The implications are wide-ranging: further escalation could threaten global energy flows through the Strait of Hormuz, raise insurance and logistics costs, and trigger a stagflationary shock for oil-importing economies. Military actions have already hit Iran’s energy infrastructure, with a reported blaze at a gas field causing further supply anxiety [Investors on ed...][Oil surges afte...]. While current Western energy self-sufficiency mitigates some risk, European and Asian economies remain vulnerable to supply disruptions and price spikes, underscoring persistent energy dependence and the necessity for diversified supply chains [ALEX BRUMMER: I...].

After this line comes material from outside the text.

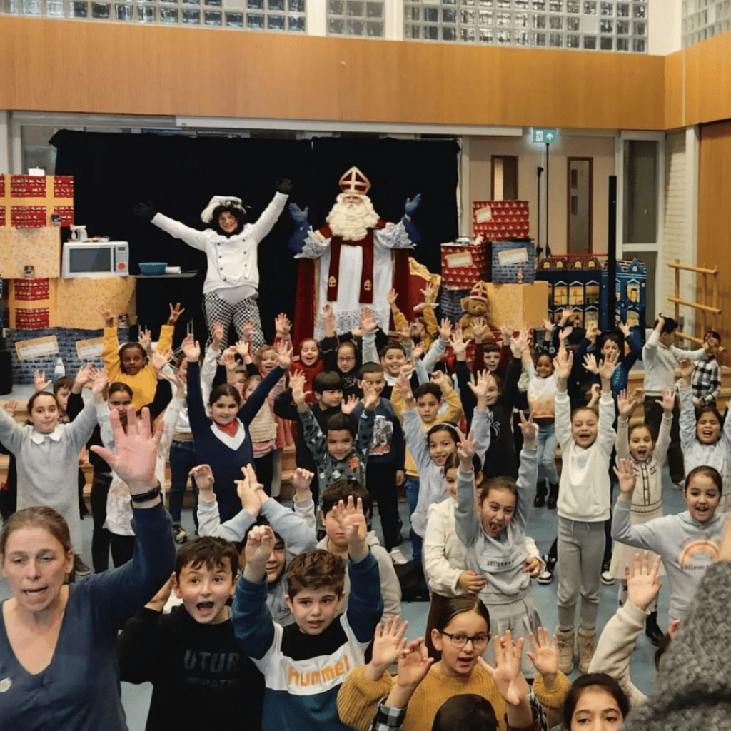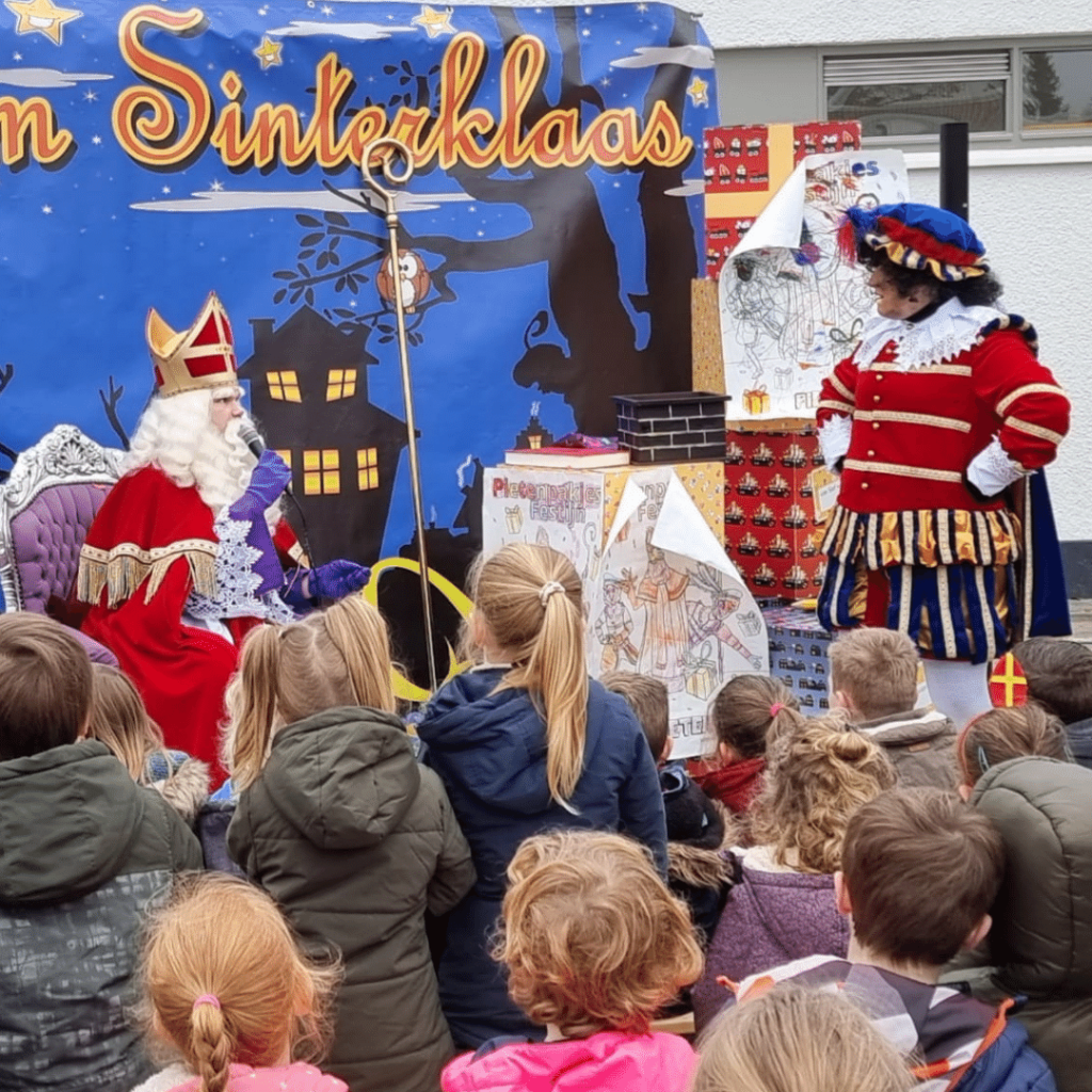 Sinterklaas komt met zijn mooiste Pieten bij jouw op school. In de aula kunnen alle kinderen genieten van een feestelijk onthaal of een leuk toneelstuk. Vervolgens gaan Sint en Piet uitgebreid op klassenbezoek bij de onder- en middenbouw. Een bliksembezoek aan de bovenbouw om de mooiste surprises te bekijken vindt Sinterklaas ook erg leuk. Er zijn genoeg mogelijkheden om het sinterklaasfeest op uw school te vieren. Wij denken graag met u mee en onze professionele en pedagogische acteurs spelen naar wens in op uw verhaallijn.
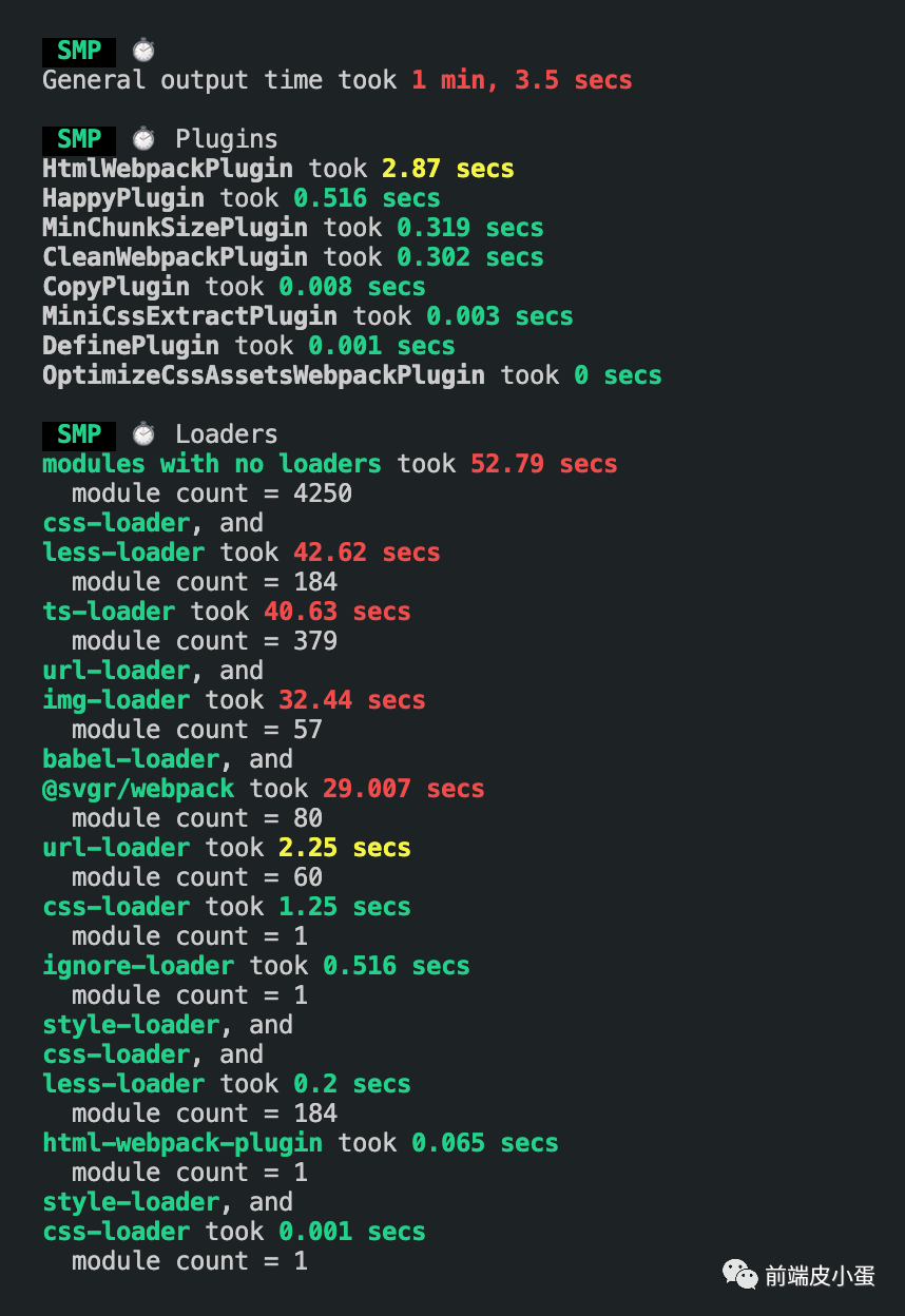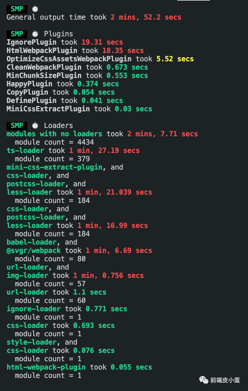 // webpack.config.jsconst SpeedMeasurePlugin = require('speed-measure-webpack-plugin');const smp = new SpeedMeasurePlugin();module.exports = smp.wrap({ // ...});利用 SMP 插件得出各个阶段的打包耗时:

Investors, fearing a possible regional conflagration, have poured into gold and the US dollar. The S&P 500 futures dropped 1.6%, and major Asian indices fell sharply, mirroring sell-offs during previous geopolitical crises [Stocks slide, o...][S&P 500 To Cras...]. Defensive sectors, such as defense and IT, rallied, while transport and manufacturing stocks—highly exposed to oil price fluctuations—declined [Escalating geop...][IOC, BPCL, Othe...]. The potential for protracted risk aversion and safe-haven demand looms large.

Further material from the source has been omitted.